> I don't think there's evidence that this issue would persist after continuing ...

alyxya · 2025-10-31T16:03:25 1761926605

Scaling applies to multiple dimensions simultaneously over time. A frontier model today could be replicated a year later with a model half the size, with a quarter of the FLOPS, etc. I don’t know the real numbers for optimization scaling, but you could check out NanoGPT speedrun [1] as an example.

The best solution in the meantime is giving the LLM a harness that allows tool use like what coding agents have. I suspect current models are fully capable of solving arbitrary complexity artificial reasoning problems here, provided that they’re used in the context of a coding agent tool.

[1] https://github.com/KellerJordan/modded-nanogpt

usrbinbash · 2025-11-04T16:05:38 1762272338

> Scaling applies to multiple dimensions simultaneously over time. A frontier model today could be replicated a year later with a model half the size

Models "emergent capabilities" rely on encoding statistical information about text in their learnable params (weights and biases). Since we cannot compress information arbitrarily without loss, there is a lower bound on how few params we can have, before we lose information, and thus capabilities in the models.

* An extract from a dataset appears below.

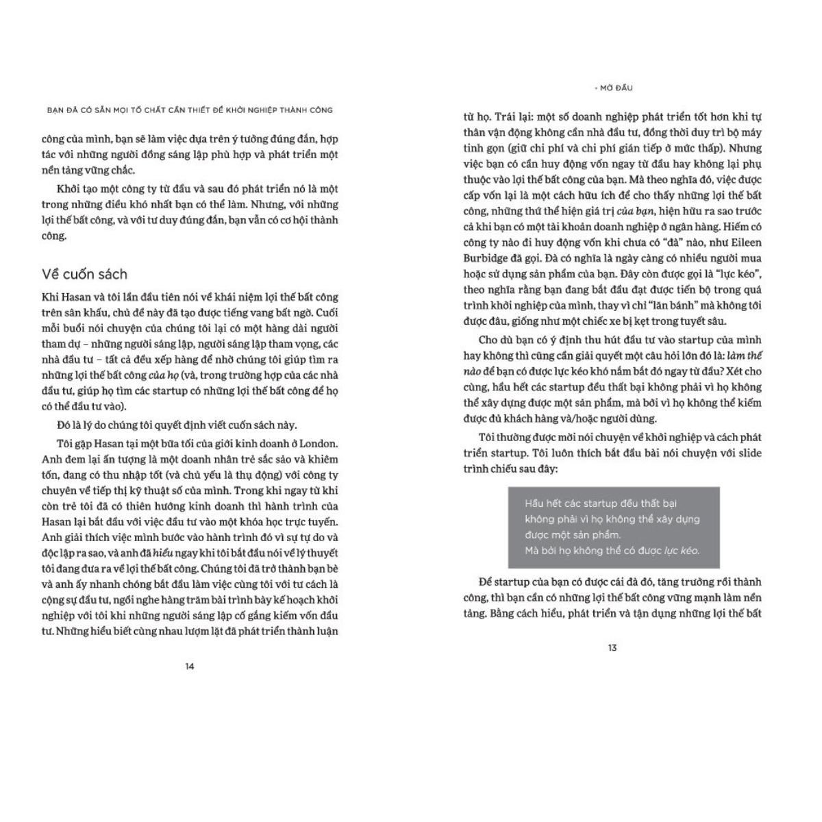 Bạn Đã Có Sẵn Mọi Tố Chất Cần Thiết Để Khởi Nghiệp Thành Công Đây là quyển sách đã giành giải thưởng Sách Kinh tế hay nhất năm 2021 của Vương quốc Anh. Đâu là sự khác biệt giữa một công ty khởi nghiệp thành công với một công ty thất bại đau thương? Đằng sau mỗi câu chuyện thành công là một lợi thế bất công. Nhưng lợi thế bất công không chỉ nằm ở chỗ bố mẹ bạn giàu có ra sao hay bạn quen biết nhân vật nào, ai cũng có thể có một lợi thế nào đó. Lợi thế bất công là yếu tố giúp bạn ưu việt hơn đối thủ. Cuốn sách đột phá này chỉ ra cách xác định Lợi thế Bất công của riêng bạn và vận dụng chúng vào bất kỳ dự án nào. Dựa trên hơn hai thập kỷ kinh nghiệm thực tiễn, bao gồm cả thời gian làm giám đốc tiếp thị đầu tiên cho Just Eat (một công ty khởi nghiệp hiện trị giá hơn 5 tỉ bảng Anh), các tác giả đưa ra một khuôn khổ độc đáo để đánh giá ngoại cảnh, bên cạnh sức mạnh nội tại của bạn. Cần cù và gan góc là chưa đủ, vì vậy họ khám phá cả tầm quan trọng của tiền bạc, trí tuệ, vị trí, học vấn, chuyên môn, vị thế và may mắn trong hành trình đi đến thành công. Từ việc thành lập công ty của riêng mình, đến việc đạt được sức hút, huy động vốn và tăng trưởng,  giúp bạn nhìn lại mình và tìm ra những yếu tố bạn vốn có nhưng bản thân chưa từng nhận ra, để thành công được trong thế giới kinh doanh khốc liệt.

So while it may be possible in some cases to get similar capabilities with a slightly smaller model, this development is limited and cannot go on for an arbitrary amount of time. It it were otherwise, we could eventually make a LLM on the level of GPT-3 happen in 1KB of space, and I think we can both agree that this isn't possible.

> giving the LLM a harness that allows tool use like what coding agents have

Given the awful performance of most coding "agents" on anything but the most trivial problems, I am not sure about that at all.

galaxyLogic · 2025-10-31T19:29:34 1761938974

Some problems are just too complex and the effort to solve them increases exponentially. No LLM can keep up with exponenentially increasing effort unless you run them for adequatte number of years.

Infinity315 · 2025-10-31T19:42:43 1761939763

What? Fundamentally, information can only be so dense. Current models may be inefficient w.r.t. information density, however, there is a lower bound of compute required. As a pathological example, we shouldn't expect a megabyte worth of parameters to be able to encode the entirety of Wikipedia.